___ MATERIAL FOR THE TASK ___

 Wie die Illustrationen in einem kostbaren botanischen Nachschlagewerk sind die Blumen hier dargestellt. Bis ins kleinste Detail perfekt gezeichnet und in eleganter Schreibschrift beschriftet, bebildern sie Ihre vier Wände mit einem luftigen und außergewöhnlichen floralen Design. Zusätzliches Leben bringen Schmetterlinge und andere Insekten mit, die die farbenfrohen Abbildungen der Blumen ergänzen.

___
___ MATERIAL FOR THE TASK ___

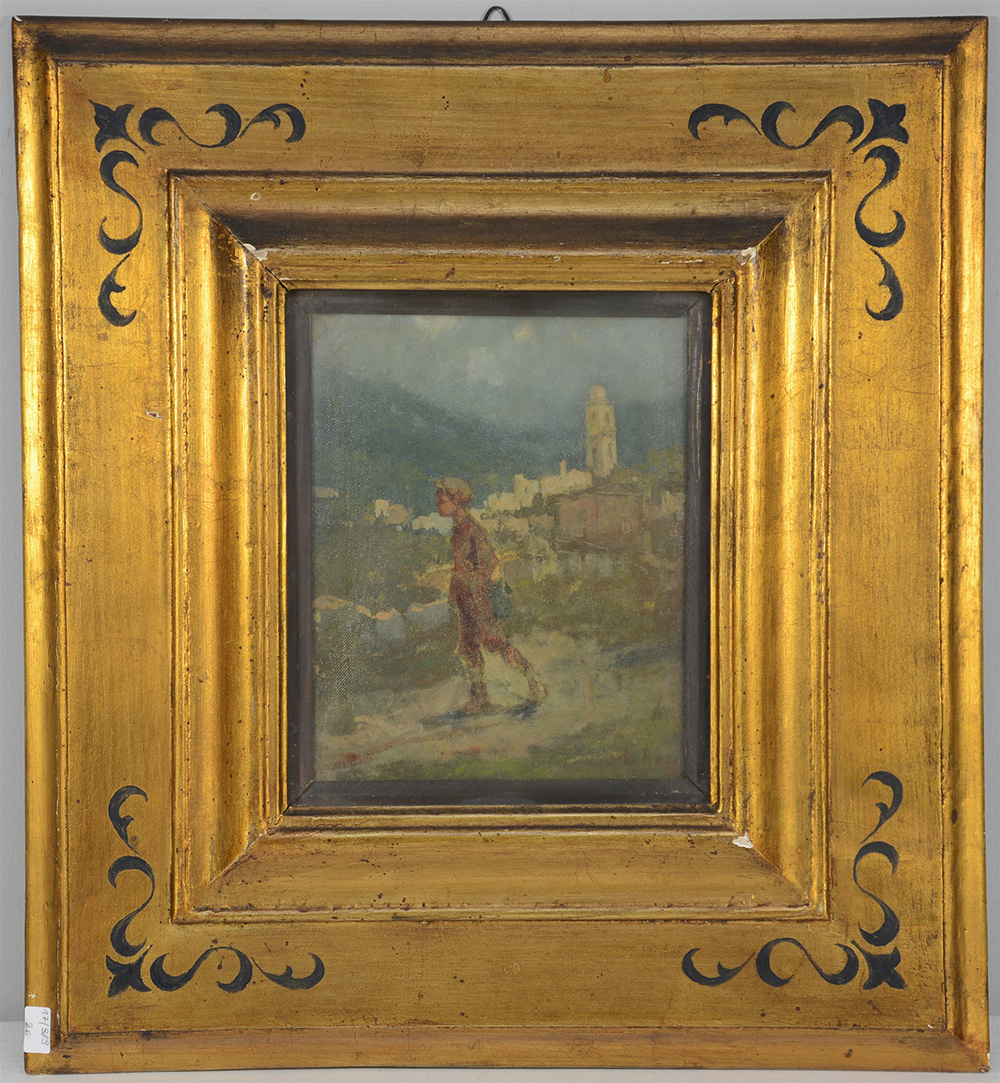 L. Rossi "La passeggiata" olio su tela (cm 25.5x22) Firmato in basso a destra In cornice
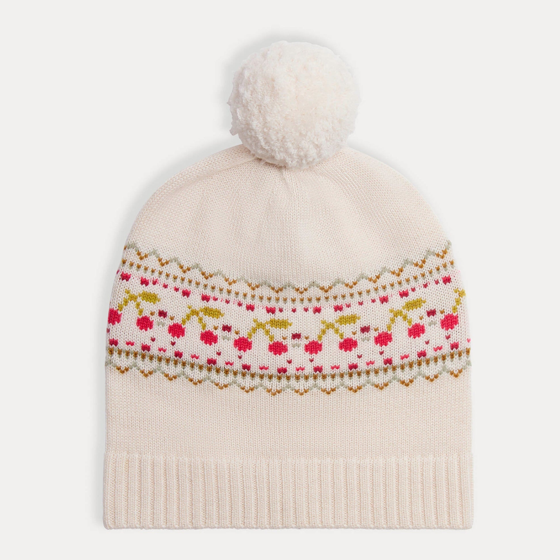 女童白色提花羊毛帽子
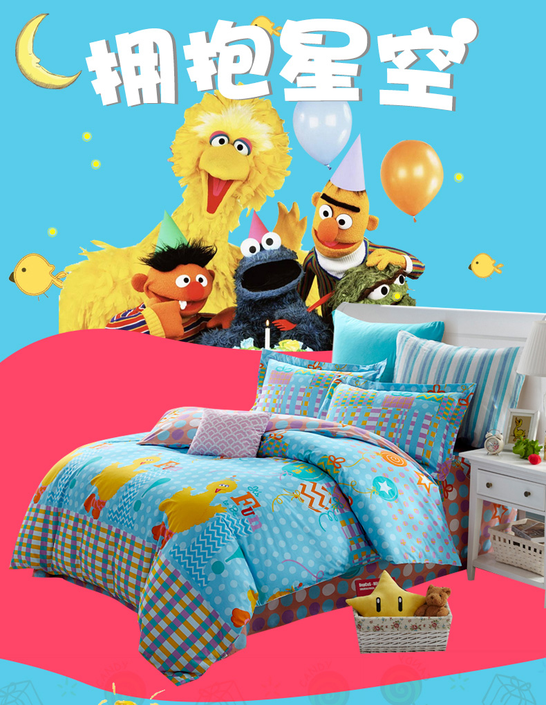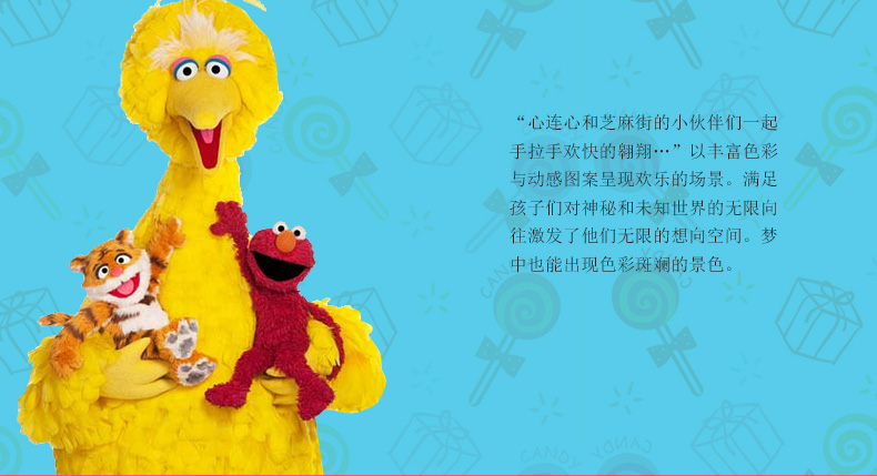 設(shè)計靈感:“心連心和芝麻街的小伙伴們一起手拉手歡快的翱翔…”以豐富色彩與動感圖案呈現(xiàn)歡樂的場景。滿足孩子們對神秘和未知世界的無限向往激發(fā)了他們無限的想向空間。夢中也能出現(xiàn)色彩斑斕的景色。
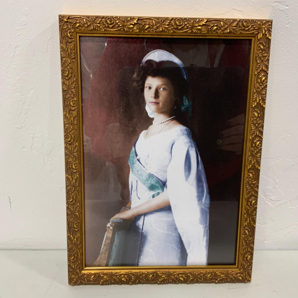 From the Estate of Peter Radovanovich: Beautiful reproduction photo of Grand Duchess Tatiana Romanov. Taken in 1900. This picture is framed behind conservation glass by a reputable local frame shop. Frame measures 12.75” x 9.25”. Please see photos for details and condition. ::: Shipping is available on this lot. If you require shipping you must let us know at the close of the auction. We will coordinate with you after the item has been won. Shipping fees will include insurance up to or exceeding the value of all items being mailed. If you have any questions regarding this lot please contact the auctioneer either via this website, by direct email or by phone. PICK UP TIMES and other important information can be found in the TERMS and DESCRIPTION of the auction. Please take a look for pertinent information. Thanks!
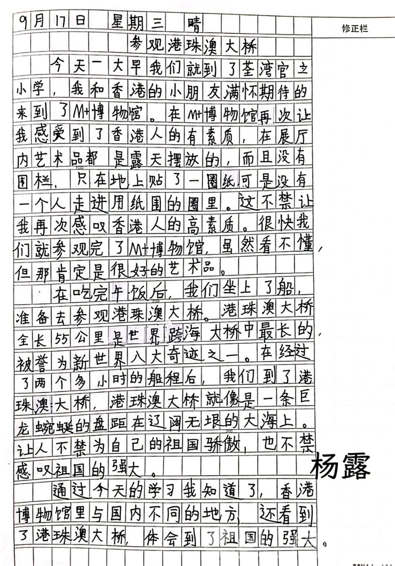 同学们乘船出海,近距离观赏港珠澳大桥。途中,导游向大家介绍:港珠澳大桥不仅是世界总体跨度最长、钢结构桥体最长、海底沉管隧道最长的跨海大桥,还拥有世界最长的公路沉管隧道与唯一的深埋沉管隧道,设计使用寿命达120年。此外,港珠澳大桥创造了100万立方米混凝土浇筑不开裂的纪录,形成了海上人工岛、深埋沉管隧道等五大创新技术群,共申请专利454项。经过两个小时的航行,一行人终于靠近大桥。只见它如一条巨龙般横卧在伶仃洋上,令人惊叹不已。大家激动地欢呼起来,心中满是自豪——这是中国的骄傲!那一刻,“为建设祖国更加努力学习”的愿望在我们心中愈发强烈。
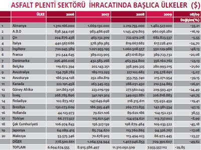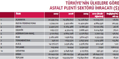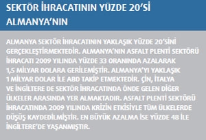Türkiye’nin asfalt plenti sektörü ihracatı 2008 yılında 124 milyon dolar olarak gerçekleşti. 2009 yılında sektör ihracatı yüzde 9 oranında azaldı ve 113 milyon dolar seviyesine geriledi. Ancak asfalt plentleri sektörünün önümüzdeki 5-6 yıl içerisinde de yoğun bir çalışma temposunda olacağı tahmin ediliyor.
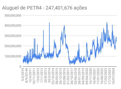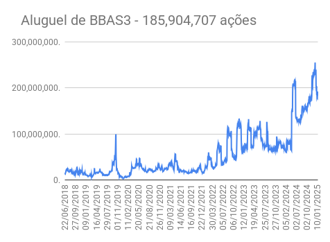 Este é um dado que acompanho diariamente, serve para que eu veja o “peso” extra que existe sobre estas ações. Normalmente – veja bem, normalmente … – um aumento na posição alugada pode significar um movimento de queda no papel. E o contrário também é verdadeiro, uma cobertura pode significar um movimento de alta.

___

* **PROMPT**:
What you return from the records above should be exactly everything from the line with "Türkiye’nin asfalt plenti" down to the line with "Este é um dado", both kept, and no pictures.

* **WRITTEN ANSWER**:
Türkiye’nin asfalt plenti sektörü ihracatı 2008 yılında 124 milyon dolar olarak gerçekleşti. 2009 yılında sektör ihracatı yüzde 9 oranında azaldı ve 113 milyon dolar seviyesine geriledi. Ancak asfalt plentleri sektörünün önümüzdeki 5-6 yıl içerisinde de yoğun bir çalışma temposunda olacağı tahmin ediliyor.
 Este é um dado que acompanho diariamente, serve para que eu veja o “peso” extra que existe sobre estas ações. Normalmente – veja bem, normalmente … – um aumento na posição alugada pode significar um movimento de queda no papel. E o contrário também é verdadeiro, uma cobertura pode significar um movimento de alta.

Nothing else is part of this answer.